* **Description of the task**: Every line from the opening of the records to the line with "1、打开【搜狐】,进入首页后" should be restated exactly, with both ends included and the pictures left out.

Exercise materials below:

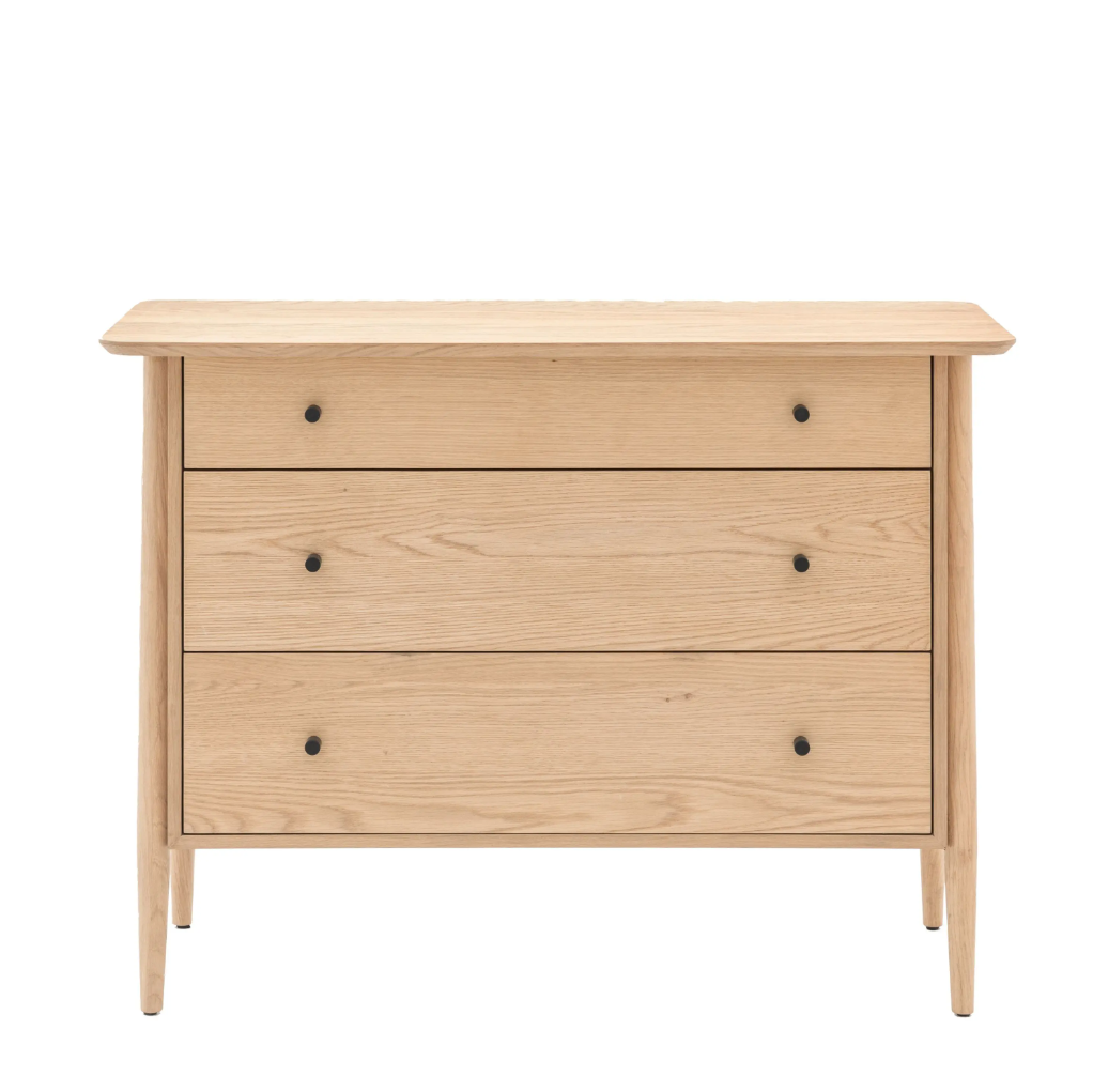 This stylish 3-drawer chest is crafted from high-quality oak, offering ample storage space for your belongings. Its clean lines and natural finish add a touch of Scandinavian style to any bedroom or living room.
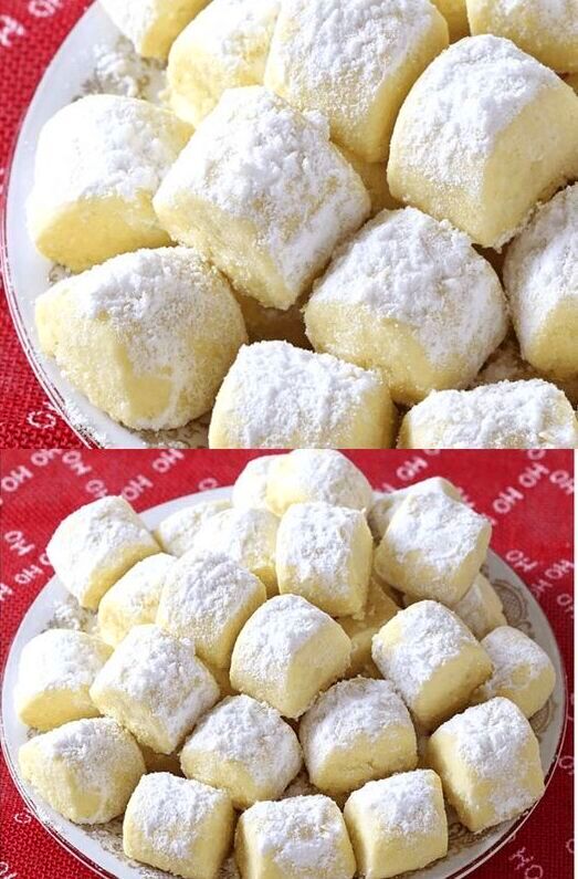 Laat de droomstukjes een beetje afkoelen en bestuif ze met poedersuiker terwijl ze nog lauw zijn.
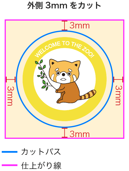 台紙カット位置の指定がない場合は、ハーフカットパスの外側およそ3mmの位置で台紙カットをさせていただきます。
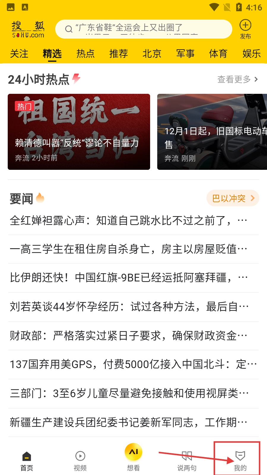 1、打开【搜狐】,进入首页后,可浏览【关注】【精选】等板块的新闻内容,点击右下角【我的】进入个人页面。
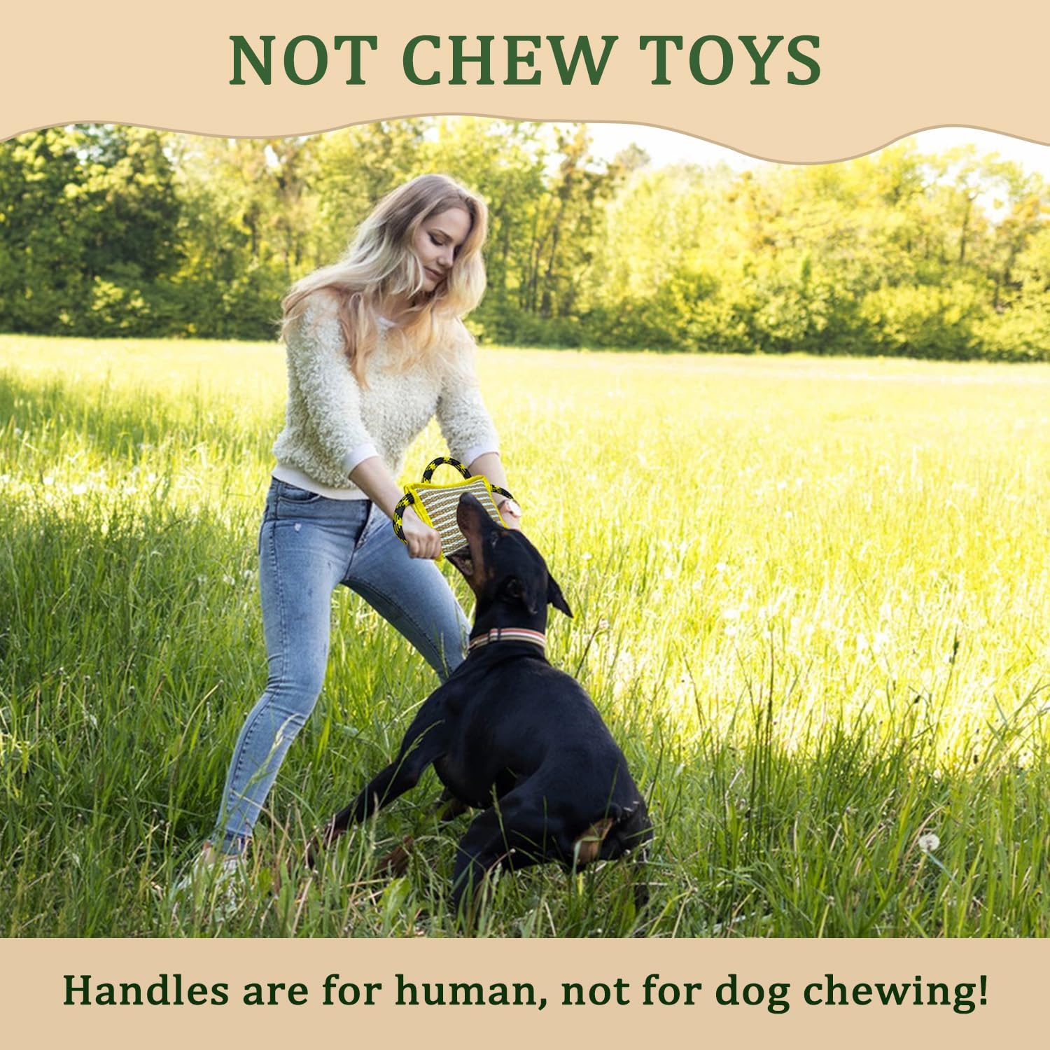 Not a Chew Toy】This dog tug toy is built safe and tough but not indestructible. Tug Toys are meant for interactive tugging between you and your dog only,they could be nice training tool but not chewable.Please put away the toy out of the dog's reach after not let your dog bite the rope handles!
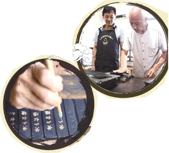 上图:7月24日,市级非物质文化遗产“徽墨制作技艺”代表性传承人胡嘉明在上庄镇的老胡开文墨厂指导员工徽墨古法技艺。下图:7月24日,市级非物质文化遗产“徽墨制作技艺”代表性传承人胡嘉明在上庄镇的老胡开文墨厂描金。
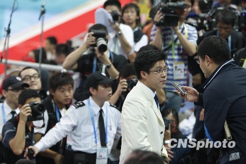 昨天東亞運的跳水比賽,當現場司儀介紹隊員名單時,霍啟剛起身走出貴賓室,來到看臺上的貴賓席。此時,記者乘機進了貴賓席,“潛伏”在霍啟剛的后一排,與他的距離不到30厘米。
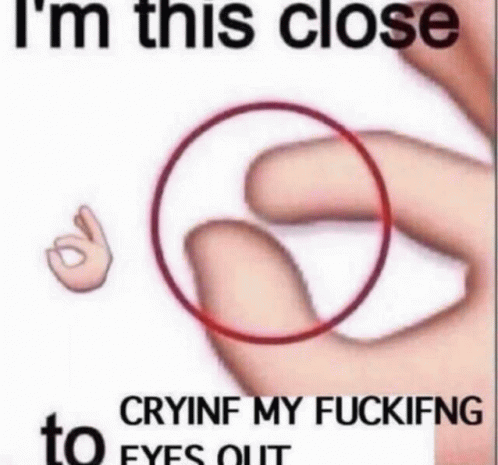 Opis sadržaja: a close up of a person 's hand with the words `` i 'm this close to crying my fucking eyes out '' .
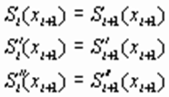 неизвестных коэффициентов полиномов. Условие дает нам n уравнений. Условие непрерывности функции и ее первых двух производных во внутренних узлах интервала дает дополнительно

End of Exercise materials.

* **Exercise output**:
 This stylish 3-drawer chest is crafted from high-quality oak, offering ample storage space for your belongings. Its clean lines and natural finish add a touch of Scandinavian style to any bedroom or living room.
 Laat de droomstukjes een beetje afkoelen en bestuif ze met poedersuiker terwijl ze nog lauw zijn.
 台紙カット位置の指定がない場合は、ハーフカットパスの外側およそ3mmの位置で台紙カットをさせていただきます。
 1、打开【搜狐】,进入首页后,可浏览【关注】【精选】等板块的新闻内容,点击右下角【我的】进入个人页面。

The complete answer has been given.